On 01/31/2014 10:35 AM, Mark Miller wrote:
On Jan 31, 2014, at 10:31 AM, Mark Miller <markrmil...@gmail.com> wrote:
Seems unlikely by the way. Sounds like what probably happened is that for some
reason it thought when you restarted the shard that you were creating it with
numShards=2 instead of 1.
No, that’s not right. Sorry.
It must have got assigned a new core node name. numShards would still have to
be seen as 1 for it to try and be a replica. Brain lapse.

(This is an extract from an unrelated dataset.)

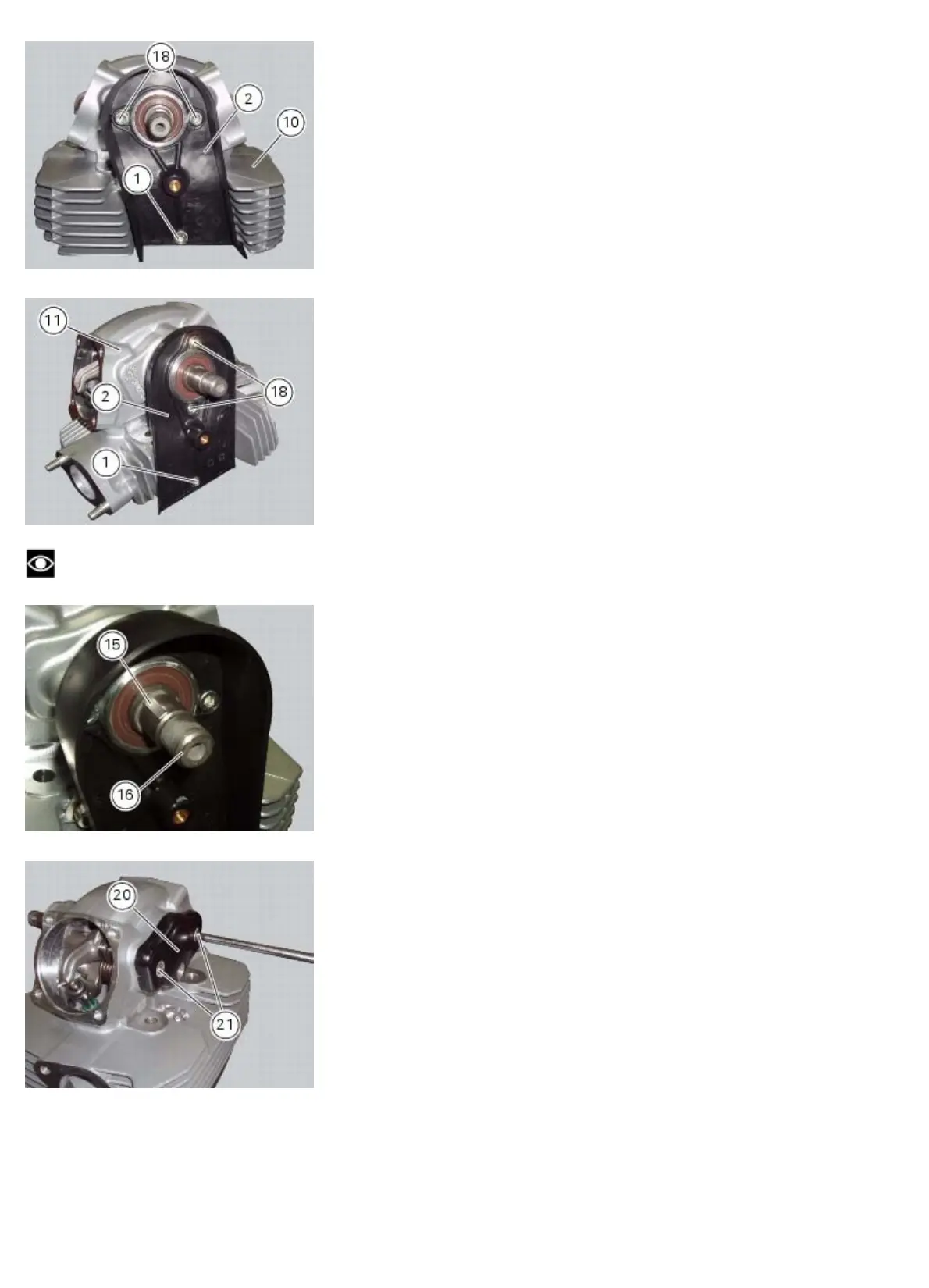 Unscrew the screws (21) of the cover (20) of the camshaft (16).

Are you using a custom coreNodeName or taking the default? Can you post your
solr.xml so we can see your genericCoreNodeNames and coreNodeName settings?
One possibility is that you got assigned a coreNodeName, but for some reason it
was not persisted in solr.xml.
- Mark
http://about.me/markrmiller
There is nothing of note in the zookeeper logs. My solr.xml (sanitized
for privacy) and identical on all 4 nodes.
<solr persistent="false"
zkHost="xx.xx.xx.xx:2181,xx.xx.xx.xx:2181,xx.xx.xx.xx:2181,xx.xx.xx.xx:2181,xx.xx.xx.xx:2181">
<cores adminPath="/admin/cores"
host="${host:}"
hostPort="8080"
hostContext="${hostContext:/x}"
zkClientTimeout="${zkClientTimeout:15000}"
defaultCoreName="c1"
shareSchema="true" >
<core name="c1"
collection="col1"
instanceDir="/dir/x"
config="solrconfig.xml"
dataDir="/dir/x/data/y"
/>
</cores>
</solr>
I don't specify coreNodeName nor a genericCoreNodeNames default value
... should I?
The tomcat log is basically just a replay of what happened.
16443 [coreLoadExecutor-4-thread-2] INFO
org.apache.solr.core.CoreContainer ? registering core: ...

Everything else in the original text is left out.